News / Africa

Egypt's Military Dissolves Parliament, Suspends Constitution

Egyptian Army soldiers remove tents of protesters from Tahrir Square in Cairo, Egypt, Sunday, Feb. 13, 2011. Egypt's military has started taking down the makeshift tents of protesters who camped out on Tahrir Square in an effort to allow traffic and norma
Egyptian Army soldiers remove tents of protesters from Tahrir Square in Cairo, Egypt, Sunday, Feb. 13, 2011. Egypt's military has started taking down the makeshift tents of protesters who camped out on Tahrir Square in an effort to allow traffic and norma

Multimedia

Lauren Frayer

Egypt’s military says it has dissolved parliament and suspended the constitution.   During the first full day of business since President Hosni Mubarak’s ouster, soldiers scuffled with hold-out protesters in Cairo’s Tahrir Square, and police also demonstrated over their wages.

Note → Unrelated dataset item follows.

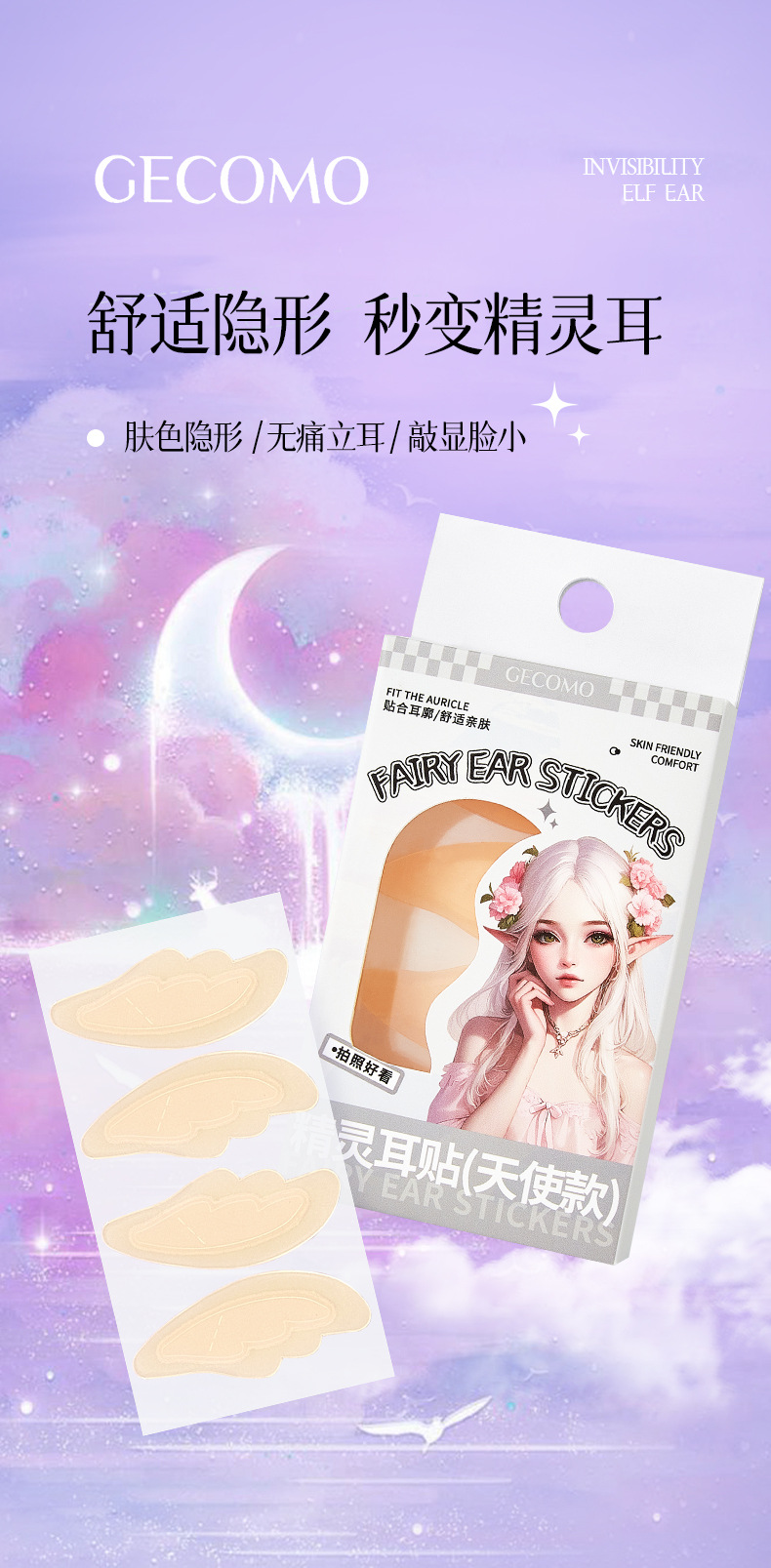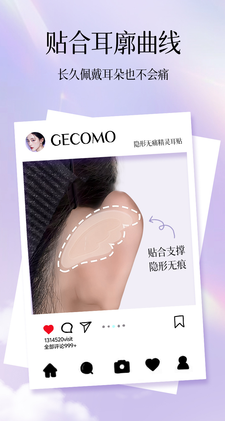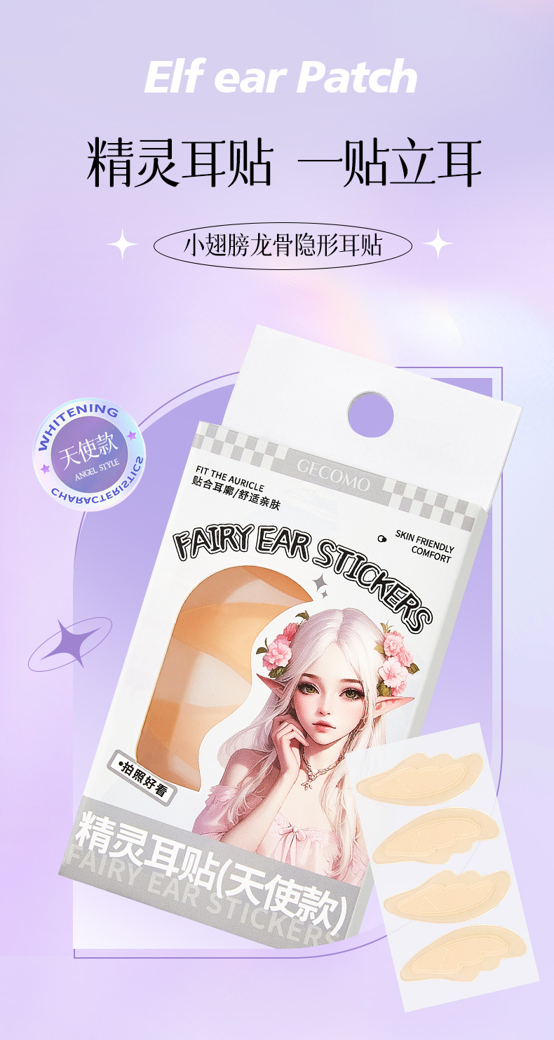 GECOMO 엘프 이어 스티커 천사 보이지 않는 용골 강력한 지원 스탠드 귀 스티커 방수 얼굴 모양 작은 모양 아티팩트 여성스토어 가기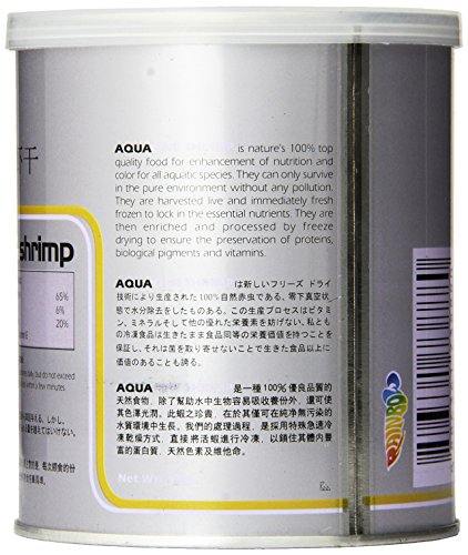 AquaOne Shrimp is nature's 100-percent top quality food for enhancement of nutrition and color for all aquatic species. They can only survive in the pure environment without any pollution. They are harvested live and immediately fresh frozen to lock in essential nutrients. They are then enriched and processed by freeze drying to ensure the preservation of proteins, biological pigments and vitamins.Feature

The military’s communiqué was read out in a news flash on state television that parliament is dissolved and the constitution suspended.  Egypt’s military leaders also said they would rule for six months until elections can be held, they are scheduled for September.  It has asked current government ministers to stay on until then, in a caretaker capacity.

Those moves meet some key demands of Egypt’s pro-democracy protesters, who forced President Hosni Mubarak out of office in 18 days of mostly peaceful protests.  He handed control to the military on Friday.

Prime Minister Ahmed Shafiq says security is the Cabinet’s main focus now.He says Egypt's normal way of life must be restored, along a feeling of security that was lost in recent weeks. He says insecurity is ending, though not at the pace it should.

Prime Minister Shafiq confirmed that Informaton Minister Anas el-Fiqqi has resigned, and the Cabinet is evaluating proposals for filling vacancies quickly.  Egypt’s public prosecutor has opened an investigation into top ruling party figures, freezing some politicians’ assets and imposing a travel ban on others.

But Mr. Shafiq said government ministries are running normally.

Soldiers dismantled tents and scuffled with some hold-out protesters in Cairo’s Tahrir Square, where the city’s infamous traffic jams are once again a fixture.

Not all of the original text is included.